11. hold brief for: argue in favour of.

12. chump (coll): a fool; champion chump: a prize fool, idiot.

13. tops (sl): here the limit. Generally, the word stands for «the best of anything (either people or things)».

14. honey and claws: here sweetness and fight.

15. bear up: endure, hold out.

16. hamburger: finely chopped meat shaped into a round flat cake and fried.

17. snazzy (sl): attractive.

18. soggy (coll): low-spirited, depressed.

19. cork off (sl): fall asleep.

20. L.A.: an abbreviation for Los Angeles.

 

EXERCISES.

 

(a) Questions:

1. How did it happen that Charles went to stay with Aunt Muriel?

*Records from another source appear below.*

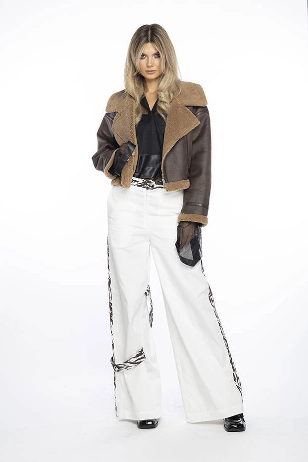 Krótki trencz z ekoskóry zimny beż
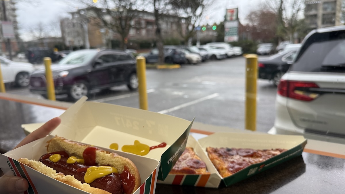 等房子的時候我們到旁邊7-11,妹妹看著熱狗,她居然願意吃,我才想起這不就是台灣7-11的大亨堡麼!再加上在打折的兩片pizza,總共七元多,外面玻璃牆邊坐著一個白人胖胖的流浪漢,也坐著吃東西。
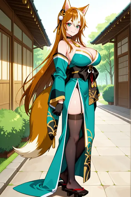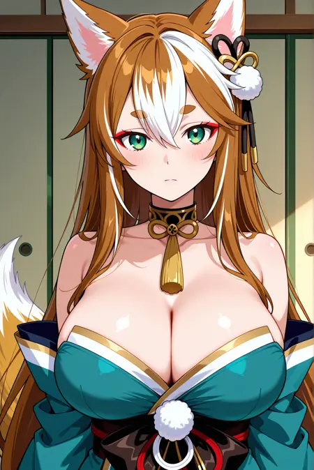 Appearance: green eyes, red eyeliner, brown hair, fox ears, fox tail, steaked hair, very long hair, thick eyebrows, short eyebrows, large breasts
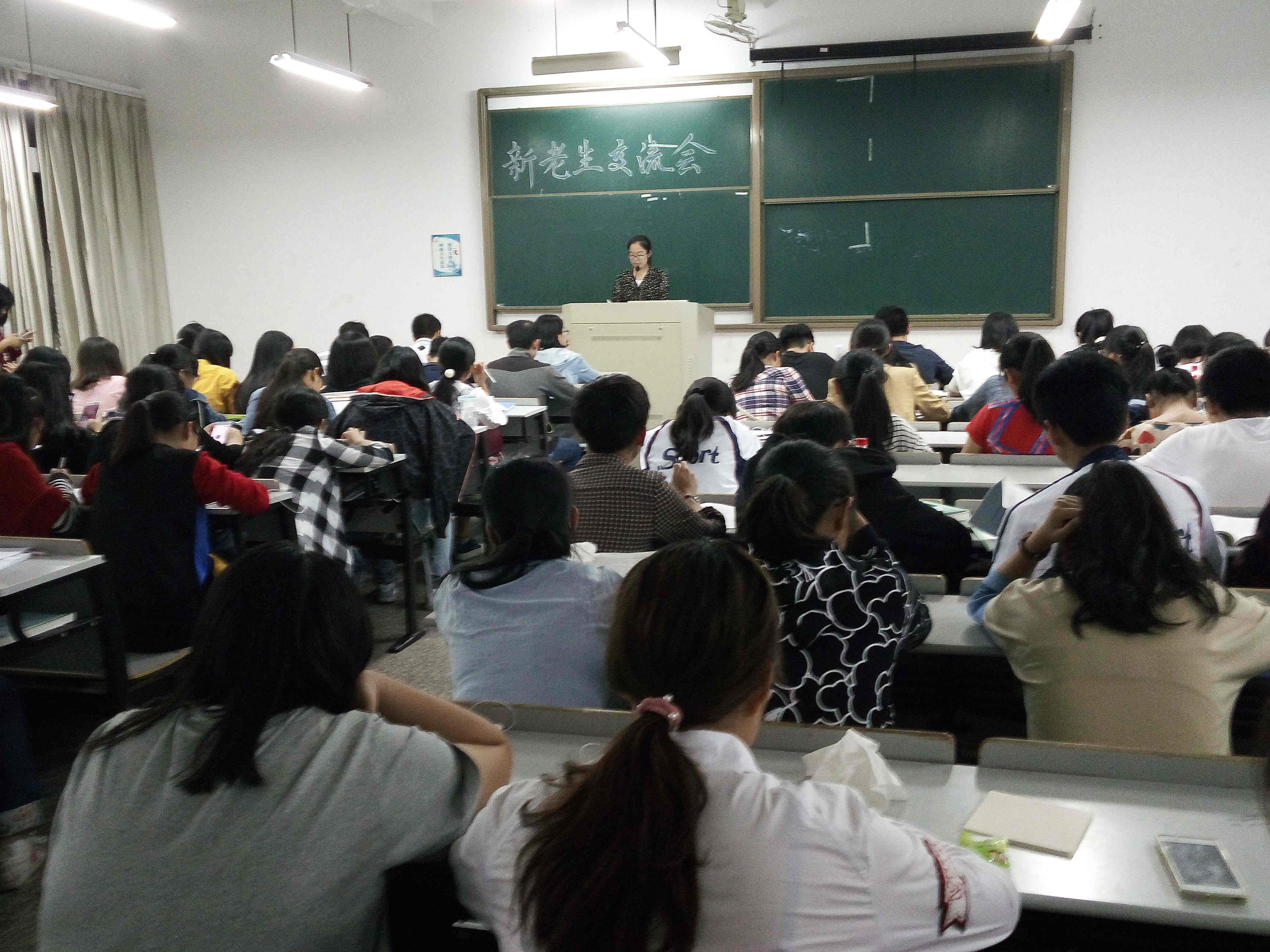 老生代表就学习方法、综合考评说明、评奖评优、公寓生活、社会实践等基本方面,结合大学现状与自身经历,分享了他们的学习生活趣事和对未来的展望与思考。老生们尤其强调明确目标是最重要的,是老员工活开始的第一步,并且指出,能力与成绩并重,在保证学习的前提下,可以积极参加课外活动来增长见识、增强能力。15级新生们仔细聆听,认真记录,同时也就14级老生的发言提出了自己的疑问。针对各类问题,老生们现身说法,耐心解答。现场气氛融洽,时不时传出的掌声。15级新生们在学习、生活、工作等方面得到了14级老生的诸多指导,同时树立更明确的目标和更远大的理想。
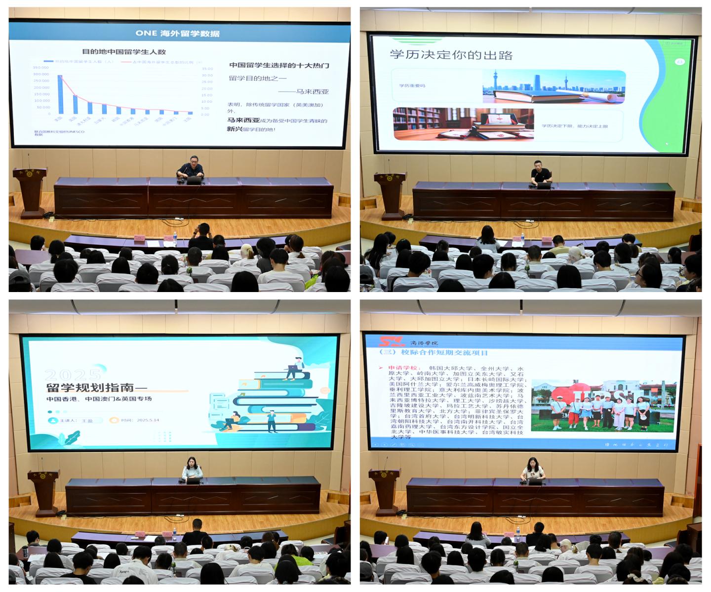 宣講會上,陜西省學生就業(yè)與留學服務(wù)中心姚運章、于智丞、王盈三位老師分別就德國、馬來西亞、日本、韓國、英國等國家高校碩士項目優(yōu)勢特色、申請政策、留學生就業(yè)政策等進行了詳細解讀。國際合作與交流處楊嬌詳細介紹了我校學生出國(境)交流學習項目途徑和獎勵資助政策。學生代表財務(wù)管理2231班張思揚、財務(wù)管理2331班衛(wèi)一蘋分享了各自在馬來西亞博特拉大學交換學習和牛津大學訪學期間的見聞與收獲,以親身經(jīng)歷激發(fā)同學們對國際化學習的熱情。

2. In what ways was Charles expected to make himself useful in Aunt Muriel’s house?

3. What was Aunt Muriel’s hobby?

4. What did Charles think of Aunt Muriel’s drawings?

5. What troubled Aunt Muriel most when drawing?

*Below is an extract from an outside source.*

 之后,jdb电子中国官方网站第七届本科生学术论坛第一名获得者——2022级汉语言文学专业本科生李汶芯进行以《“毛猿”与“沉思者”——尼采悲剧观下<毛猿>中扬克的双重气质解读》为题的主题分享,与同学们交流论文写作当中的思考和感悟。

6. How did Charles feel chopping down the sapling?

7. Why did Charles think he ought to buy his aunt a present?

8. How did Aunt Muriel make the goldfish keep still?

9. What happened to Teddy?

10. What did Charles finally come to realize?

 

(b) Read through the story once again and see if you can find facts to prove that:

1. Charles had no choice other than accepting Aunt Muriel’s invitation.

2. Aunt Muriel really needed somebody to keep her company.

3. Drawing had become an obsession with Aunt Muriel.

4. Charles was fully justified in suspecting that Aunt Muriel had designs on his life.

5. Charles worked hard towards his upkeep.

 

(c) Talking points:

1. What do you believe was actually behind Aunt Muriel’s invitation to Charles to come and live at her place?

2. Imagine what happened when Aunt Muriel woke up in the morning to discover that Charles was gone.

3. Beggars can’t be choosers. Say whether you think the proverb can be applied to any of the situations described in the story. If so, which one.

4. The difference between a hobby and an obsession.